— Provided records —

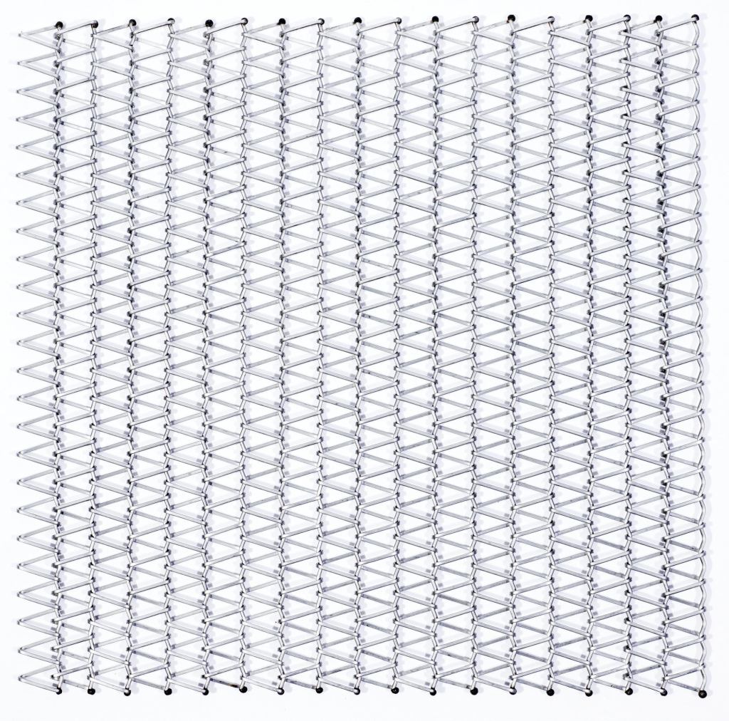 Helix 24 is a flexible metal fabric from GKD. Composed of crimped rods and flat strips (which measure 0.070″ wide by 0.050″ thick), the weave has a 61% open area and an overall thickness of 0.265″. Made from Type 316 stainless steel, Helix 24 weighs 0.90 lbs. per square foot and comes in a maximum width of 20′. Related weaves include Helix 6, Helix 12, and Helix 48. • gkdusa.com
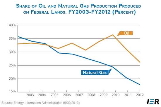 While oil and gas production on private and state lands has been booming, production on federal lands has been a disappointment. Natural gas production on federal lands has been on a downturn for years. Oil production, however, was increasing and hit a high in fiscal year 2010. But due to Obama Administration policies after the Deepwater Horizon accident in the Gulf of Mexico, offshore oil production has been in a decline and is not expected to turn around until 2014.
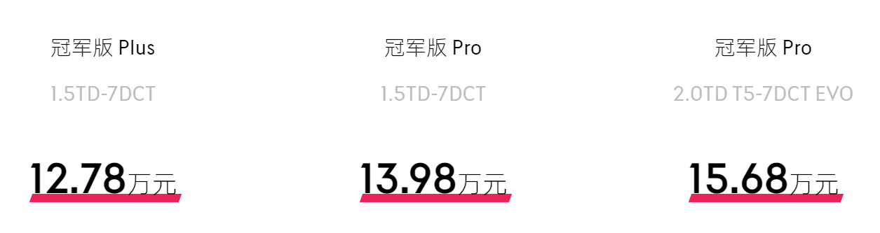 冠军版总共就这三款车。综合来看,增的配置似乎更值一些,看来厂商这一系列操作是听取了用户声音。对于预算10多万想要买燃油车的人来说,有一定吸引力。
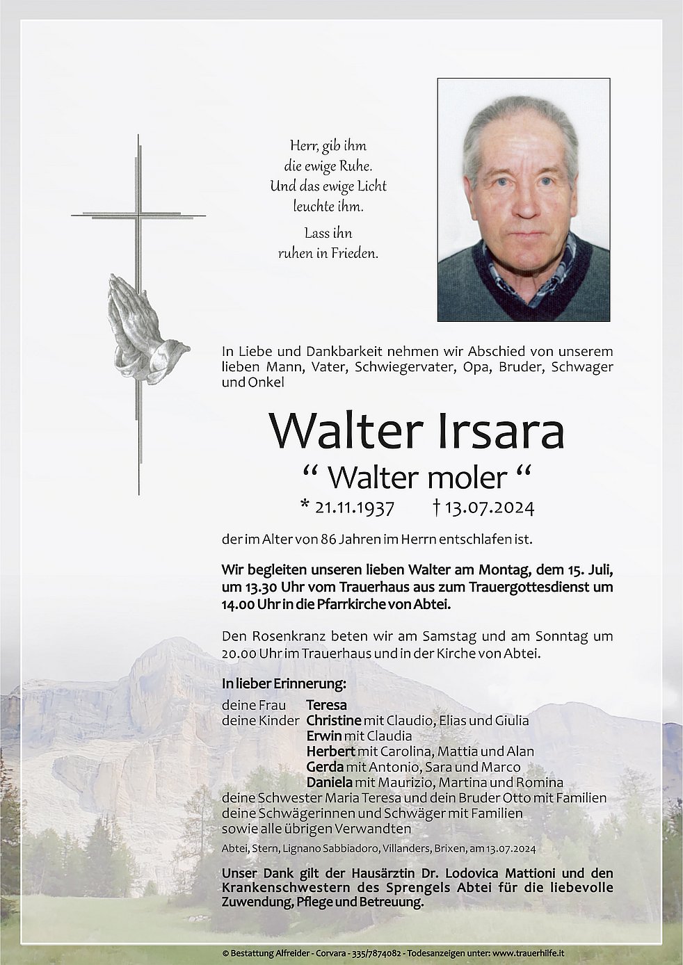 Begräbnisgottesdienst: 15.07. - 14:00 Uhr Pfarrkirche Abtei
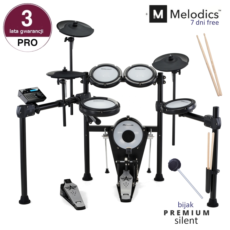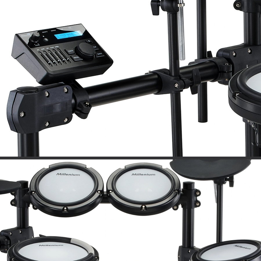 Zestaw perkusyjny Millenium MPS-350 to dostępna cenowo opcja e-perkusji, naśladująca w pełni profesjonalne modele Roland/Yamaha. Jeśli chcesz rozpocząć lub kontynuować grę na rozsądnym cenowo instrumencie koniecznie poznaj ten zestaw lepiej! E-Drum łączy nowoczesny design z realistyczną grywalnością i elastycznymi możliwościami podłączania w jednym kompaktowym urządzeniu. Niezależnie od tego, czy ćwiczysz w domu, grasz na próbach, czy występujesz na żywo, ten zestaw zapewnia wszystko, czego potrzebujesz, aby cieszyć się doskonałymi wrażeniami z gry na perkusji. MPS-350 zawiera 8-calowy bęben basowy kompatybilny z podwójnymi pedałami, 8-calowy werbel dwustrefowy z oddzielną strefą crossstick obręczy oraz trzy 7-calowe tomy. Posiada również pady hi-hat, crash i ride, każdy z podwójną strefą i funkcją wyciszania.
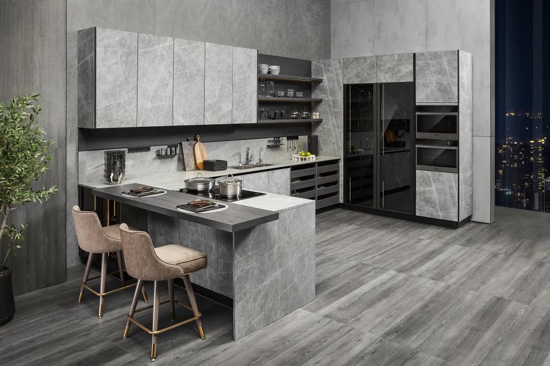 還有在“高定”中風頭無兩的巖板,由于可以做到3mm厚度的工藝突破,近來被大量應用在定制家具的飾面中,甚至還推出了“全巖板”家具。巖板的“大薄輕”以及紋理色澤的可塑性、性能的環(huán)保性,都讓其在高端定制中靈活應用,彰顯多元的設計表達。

— Work task —
In the data above, the stretch from the line with "冠军版总共就这三款车。综合来" through the line with "Begräbnisgottesdienst: 15.07. - 14:00" is to be returned exactly, minus any pictures.

— Answer box —
 冠军版总共就这三款车。综合来看,增的配置似乎更值一些,看来厂商这一系列操作是听取了用户声音。对于预算10多万想要买燃油车的人来说,有一定吸引力。
 Begräbnisgottesdienst: 15.07. - 14:00 Uhr Pfarrkirche Abtei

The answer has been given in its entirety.